印光大师,当代唯一尊宿,今闻其坐化于苏州灵岩山,音讯传来,薄海同悲。嗟乎!光明幢颓,人天眼灭。

大师英年披缁,禅净双融,鉴于末法之机钝,遂单提净土,舍向上不谈。论者谓大师抑禅扬净,未免太过。殊不知现代众生,禅净双修者,能有几人克荷?若不抑扬,使人何所适从。如唱高调,双修禅净,圆融无碍,徒资口给,则非所取。此大师弘扬净土之苦心也。

大师自奉俭,待人慈,虽以八十高龄,浣涤衣服,犹自为之,高风亮节,末世所希。今者大师西归,吾不为大师悲,乃为众生悲失导师耳。

然大师应身虽亡,法身不变,读《文钞》而能奉行,是何异大师常住于世?谨为诔曰:

巍巍大师,降迹秦中,英年舍俗,慕彼大雄,

参方云水,自西徂东。落迦法雨,大弘净宗,

移锡灵岩,化缘乃终,住世八十,与释尊同。

煌煌文钞,暮夜清钟,巍巍大师,万世景崇。

哀感印光大师

慈舟 

哀哉!印光大师之西去也。婴儿失其母,病人失其医,饥者失其食,苦海失其慈航,迷途失其宝炬也!生平化迹高风,道德文章,毋庸予之赘述。观《文钞》、《嘉言录》,禅棒教鞭,医方病药,皈依弟子遍天下,有为宰官身者,有为将军身者,有为长者身者,有为居士身者,有为妇女身者,有为童男童女身者,所在皆是,化缘之广,侪于善导、少康,亦不为过。宜其临终之日,闻而奔吊者,道途辐辏,街接巷应,感恸欷歔,谓其面西而去,谓为医王之涅盘可也。生也敬,死也哀,宜哉!虽然,末法当头,人天减少,恶道增长,今而后凭谁听佛声,而得人生之安慰也?金鼓声烈,血肉横飞,凭谁得开示,而能无畏于杀劫也?普天下人,专宗净业,于往生不能无疑,有谁教信?于往生不能无滞,有谁教行?于往生不能无惰,有谁教愿?哀哉印光大师之西去也!或曰:子之奉师,若是其过乎?今夫佛门,英材叠出,足振宗风,岂无贤明,而生于斯世哉?余曰:否。今时一末法之世,未可如像法、正法之列祖高僧,踵出于其间也。即有焉,或不能宗净念佛,至老死而不倦,为净宗泰斗如师者。曰:子既景仰其人,盍服师之服,诵师之言,行师之行,是师而已矣,故曰:有为者,亦若是。而徒为哀感也何益?曰:否。
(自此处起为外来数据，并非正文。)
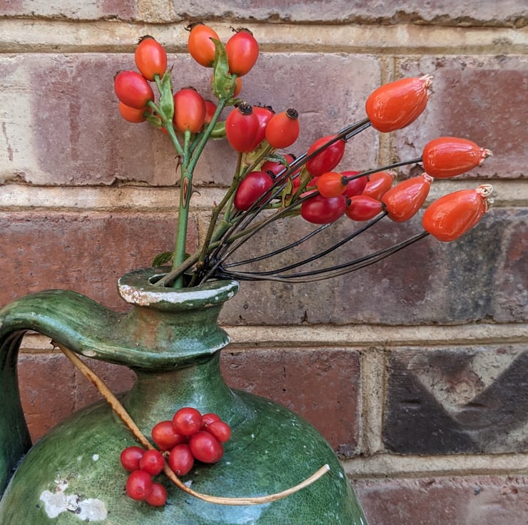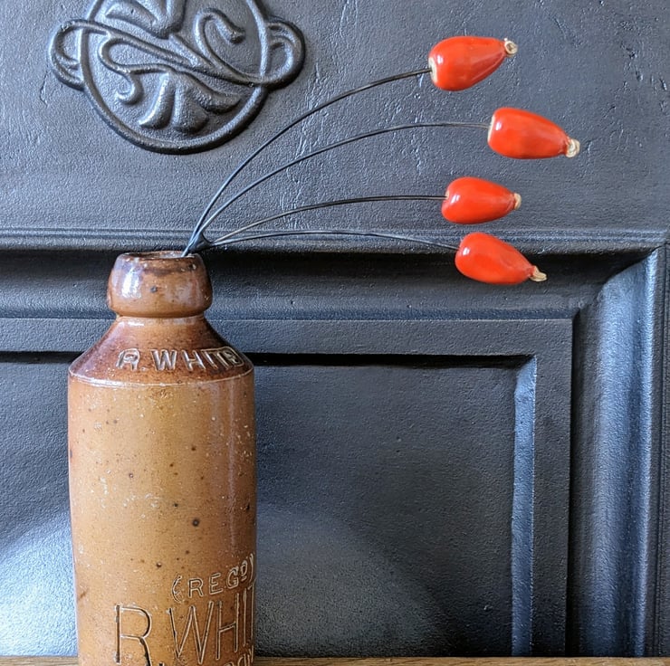 Ceramic rosehip stems (ceramic flowers), consisting of four rosehip berries on two wire stems, ideal for flower arranging. Sculpted by me in stoneware clay, fired, then glazed in Sunset Orange (a deep orange-red) and re-fired. The rosehips look lovely in fresh, dried or artificial flower arrangements - giving a beautiful pop of colour - and can be combined with my stained glass flowers.

吾人于名位,不能无得失心;于门户,不能无知见心;于顺境,不能无忻幸心;于逆境,不能无撇避心;于贫富,不能无谄骄心;为长老,不能无尊大心;为法师,不能无名利心。印光大师,其他可能也,唯无得失心、无知见心、无忻幸心、无撇避心、无谄骄心、无尊大心、无名利心,是等吾人所不可能也!唯其所不可能,吾于印光大师之西去,能无感想欤?安知即灵岩同袍,苏州同袍,及各县各省全国同袍,又非如余而作此感想也欤!

印光大师予余之印象

如三 

五年前,余奉母受皈戒于报国寺,瞻印光大师道貌,聆其言论,令人肃然起敬。师有极平凡之言曰:‘我不摆架子,故亦不怕倒架子。’余当时未加注意,今追忆之,觉甚有意味,其伟大之人格,高尚之道德,此二语即其具体表现也。夫不摆架子,则虚荣之心尽净矣。故能甘淡薄,受枯寂,质朴无华,持戒念佛,自行如是,教人亦如是,洵一典型之老实衲僧也。嗣复见于灵岩,先后凡十月,几经开示,莫非家常便饭,使人于浅近平实处,信受奉行,未尝以高深学理,幽玄教义,公开教诲,盖老人固又不怕倒架子也。尝阅蕅益旭祖《祭颛愚大师文》,其言行颇有相同之点,不啻为老人写照,因节录之,以示崇拜焉:

‘翁所证深浅,非旭所能拟,而生平最倾心处,请略纪之。当今知识,罕不以名相牵,利相饵,声势权位相依倚,如翁古道自爱者,有几?当今知识,罕不以掠虚伎俩茏浅识,令生惊诧,如翁平实稳当者,有几?当今知识,罕不侈服饰,据华堂,恣情适意,如翁破衫草履,茅茨土阶者,有几?当今知识,罕不精选侍从,前列后随,如翁躬自作役,不受安享者,有几?当今知识,罕不同流合污,自谓善权方便,慈悲顺俗,如翁不肯苟徇诸方,甘受担板之诮者,有几?故凡闻翁之风者,顽夫廉而不滥,懦夫立而不倾,伯夷之隘,所以为圣之清也。’

呜呼,老人去矣!悲仰何极,爰挽之曰:

是真了死生,一心不乱归安养;

从此失依怙,万众同声哭导师!

印光大师生西事实

圆瑛 

印光大师,佛门尊宿,净宗导师,乘愿再来,现身度世,应迹陕西,俗姓赵氏。少安儒业,身列茂才,至年二十一岁,由儒入释,出家于终南山莲华洞,受具足戒,圣量法讳也。遍历百城烟水,广参诸方知识,依止北京红螺山资福寺,修净土法门,并执苦役凡四载,于净土一宗,生决定信。复拨草瞻风,云游南方各省,遂卓锡普陀山法雨寺,万缘放下,一心念佛,垂三十载,足不入俗。严戒律,具道德,重修持,轻名利,富有学问,解行相应,垂训作则,以法利生,着有《印光文钞》初、续二集行世。不但以佛法觉悟人心,以净土接引群众,常以世法纲常,家庭教育,扶世导俗,砥砺于人。其信徒辈,沐其熏陶化育者,受益固多,凡阅其《文钞》,被其潜移默化者,亦不知凡几也!其大过人之处,不在能说,而在所行如所言。洞明性相诸宗,专修事理二念,澹泊自甘,布衣粗食,不做方丈,不贪利养,凡有供养茶敬果仪,或归常住,或做善举,平时无余蓄,一生如一日。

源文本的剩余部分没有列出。